───── RECORD EXCERPTS ─────
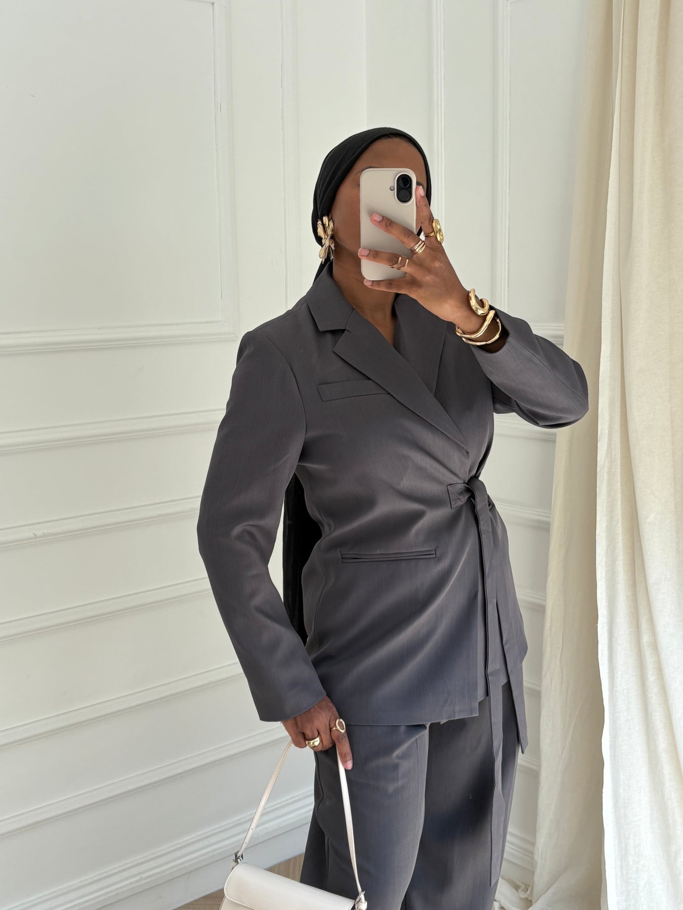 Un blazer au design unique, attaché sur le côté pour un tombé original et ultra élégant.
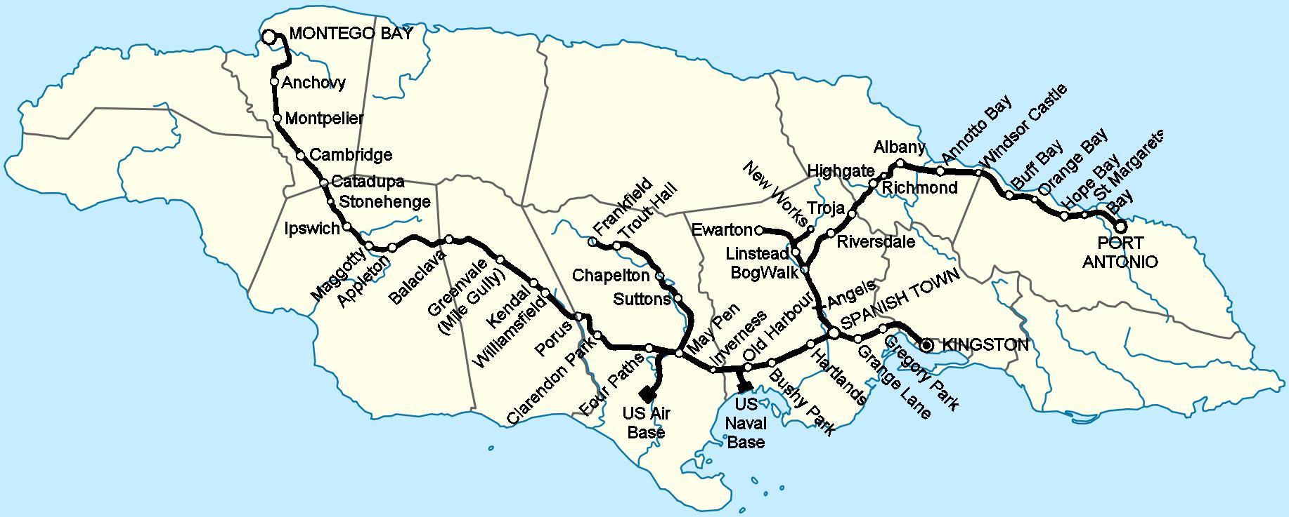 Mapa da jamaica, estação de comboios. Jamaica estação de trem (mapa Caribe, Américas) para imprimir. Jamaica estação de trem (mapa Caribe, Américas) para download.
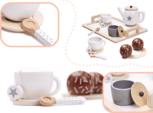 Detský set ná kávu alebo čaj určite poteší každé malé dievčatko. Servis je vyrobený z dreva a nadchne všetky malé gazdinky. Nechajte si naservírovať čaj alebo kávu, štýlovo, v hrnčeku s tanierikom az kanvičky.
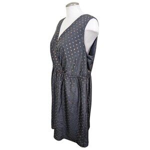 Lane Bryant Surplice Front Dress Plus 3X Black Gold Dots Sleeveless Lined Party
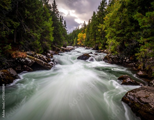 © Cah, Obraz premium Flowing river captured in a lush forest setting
─────
# [WHAT IS REQUIRED]
Nothing but the lines from the one containing "Mapa da jamaica, estação" through the last line of the listing should be copied, each word for word and without pictures.

# [YOUR RESPONSE]
 Mapa da jamaica, estação de comboios. Jamaica estação de trem (mapa Caribe, Américas) para imprimir. Jamaica estação de trem (mapa Caribe, Américas) para download.
 Detský set ná kávu alebo čaj určite poteší každé malé dievčatko. Servis je vyrobený z dreva a nadchne všetky malé gazdinky. Nechajte si naservírovať čaj alebo kávu, štýlovo, v hrnčeku s tanierikom az kanvičky.
 Lane Bryant Surplice Front Dress Plus 3X Black Gold Dots Sleeveless Lined Party
 © Cah, Obraz premium Flowing river captured in a lush forest setting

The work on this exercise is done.